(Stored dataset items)
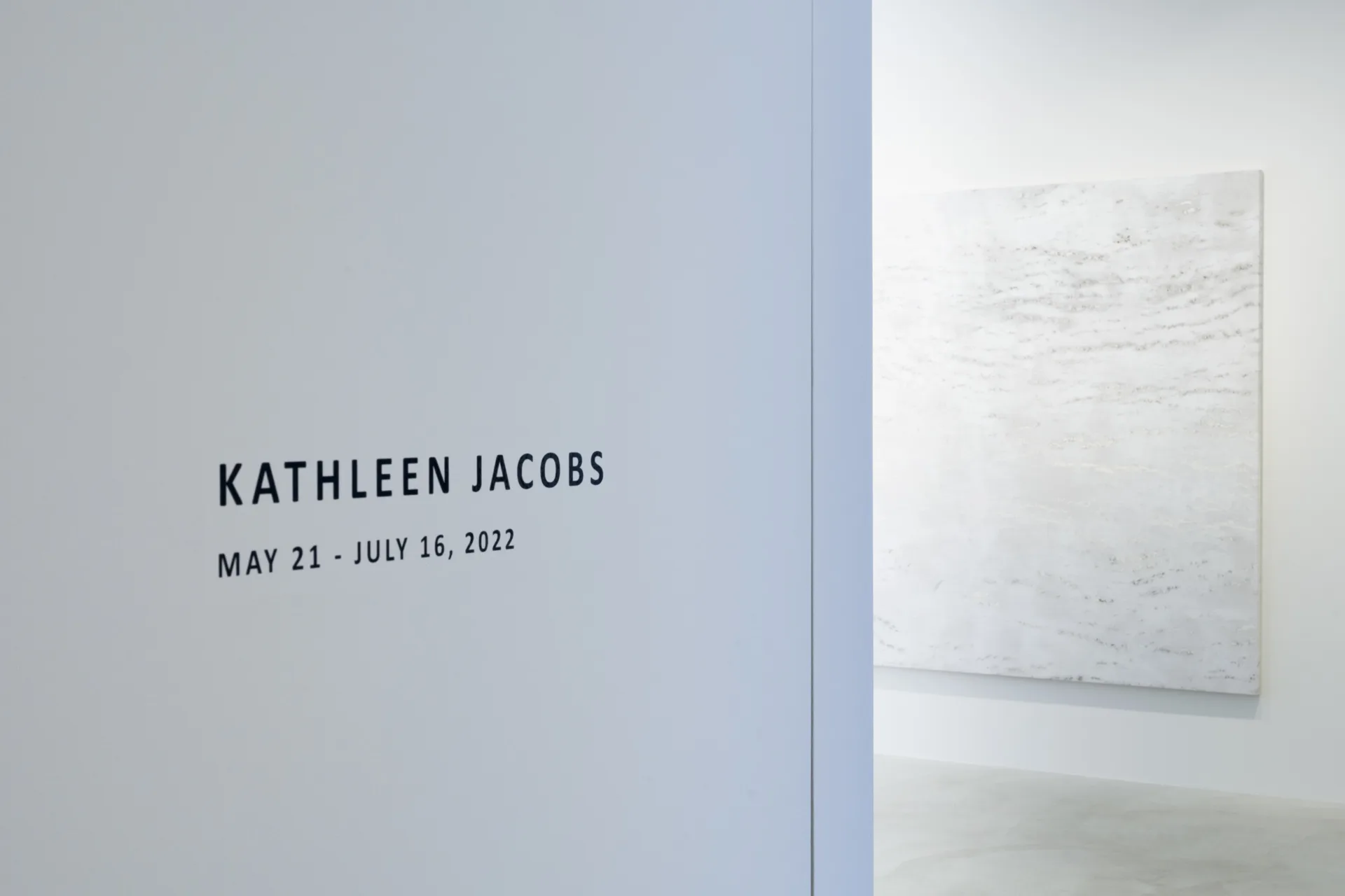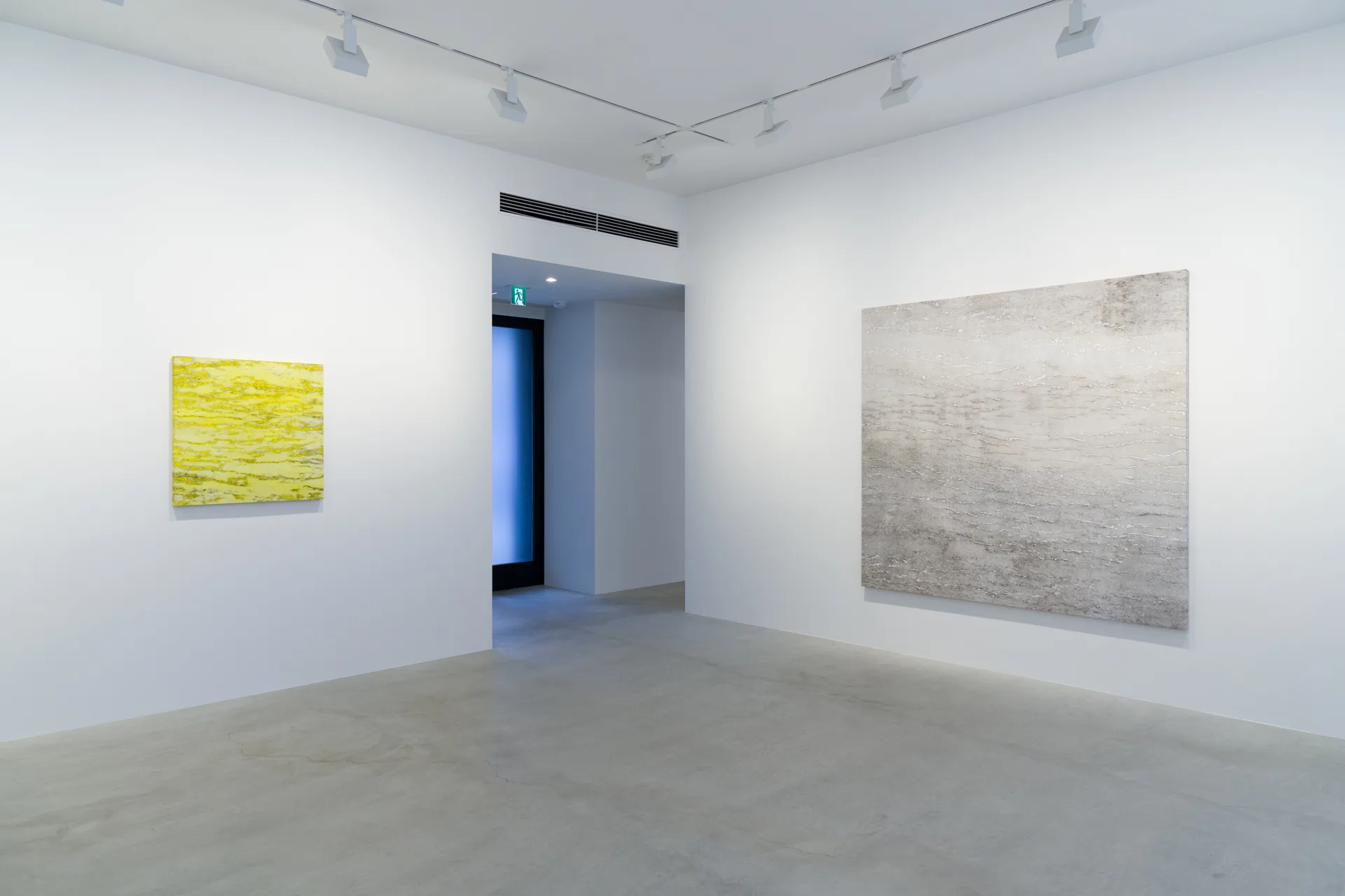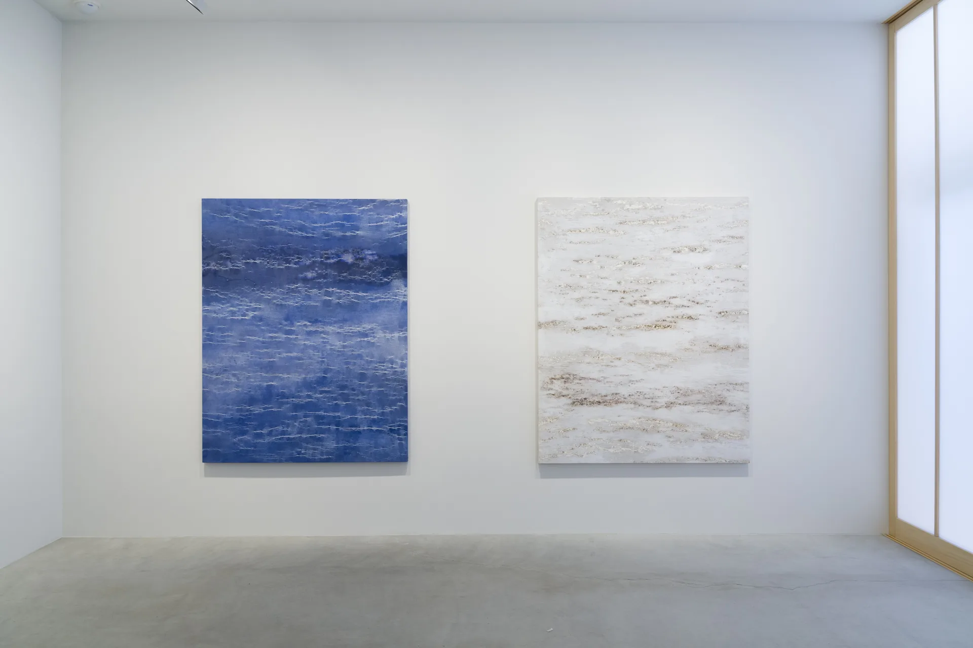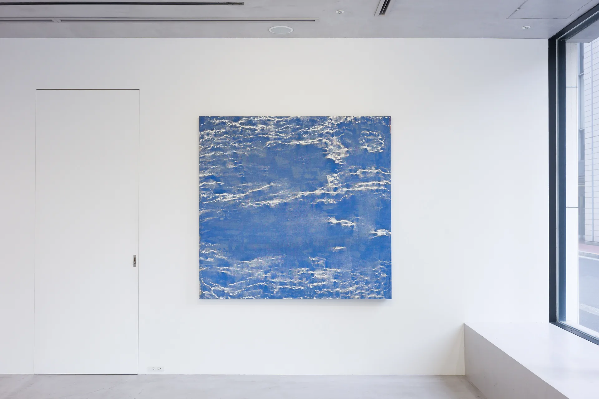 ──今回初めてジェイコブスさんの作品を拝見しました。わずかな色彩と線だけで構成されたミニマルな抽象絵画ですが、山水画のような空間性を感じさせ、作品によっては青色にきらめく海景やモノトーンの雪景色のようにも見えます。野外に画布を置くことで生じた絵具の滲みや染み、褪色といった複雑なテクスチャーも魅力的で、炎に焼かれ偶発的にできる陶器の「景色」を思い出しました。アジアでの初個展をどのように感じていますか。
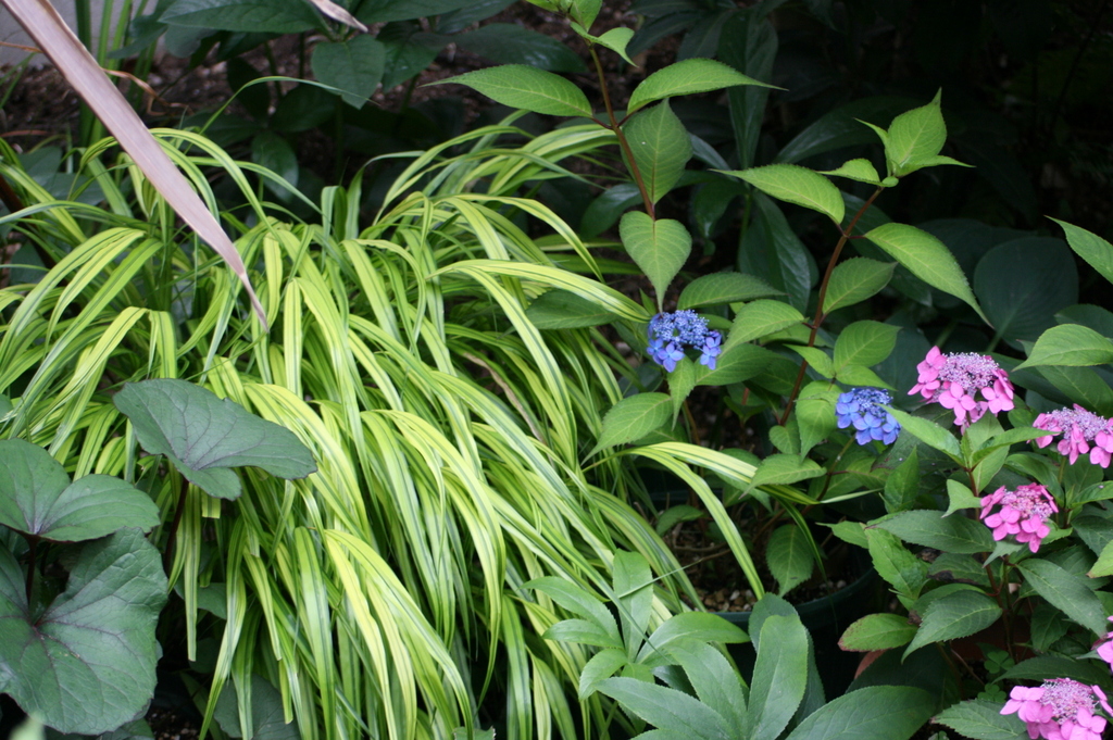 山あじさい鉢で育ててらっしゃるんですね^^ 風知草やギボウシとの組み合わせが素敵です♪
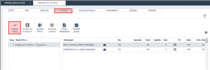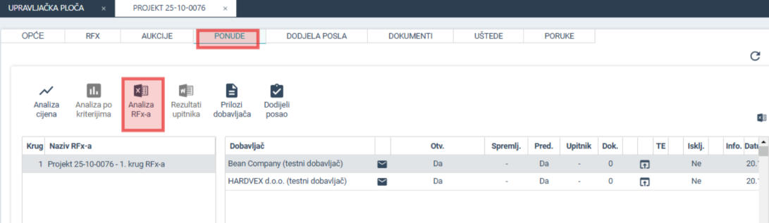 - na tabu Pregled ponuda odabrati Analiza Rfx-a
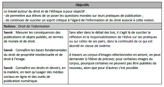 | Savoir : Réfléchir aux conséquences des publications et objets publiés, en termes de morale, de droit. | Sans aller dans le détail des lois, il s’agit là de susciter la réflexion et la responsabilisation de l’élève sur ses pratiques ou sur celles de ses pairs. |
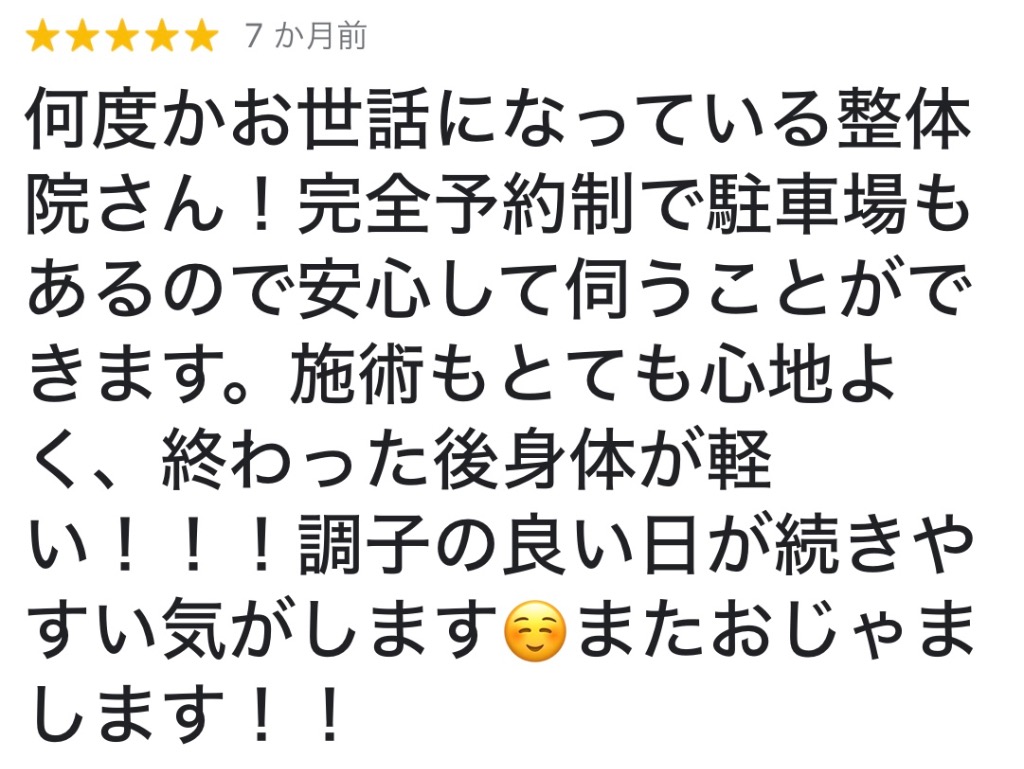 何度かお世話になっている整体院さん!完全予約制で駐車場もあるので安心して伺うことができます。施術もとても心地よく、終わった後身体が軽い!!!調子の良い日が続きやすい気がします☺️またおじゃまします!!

■ **Problem statement**
Pictures do not belong in your copy; restate word for word the lines from the one containing "山あじさい鉢で育ててらっしゃ" through the last line of the records above.

■ **Solution**
 山あじさい鉢で育ててらっしゃるんですね^^ 風知草やギボウシとの組み合わせが素敵です♪
 - na tabu Pregled ponuda odabrati Analiza Rfx-a
 | Savoir : Réfléchir aux conséquences des publications et objets publiés, en termes de morale, de droit. | Sans aller dans le détail des lois, il s’agit là de susciter la réflexion et la responsabilisation de l’élève sur ses pratiques ou sur celles de ses pairs. |
 何度かお世話になっている整体院さん!完全予約制で駐車場もあるので安心して伺うことができます。施術もとても心地よく、終わった後身体が軽い!!!調子の良い日が続きやすい気がします☺️またおじゃまします!!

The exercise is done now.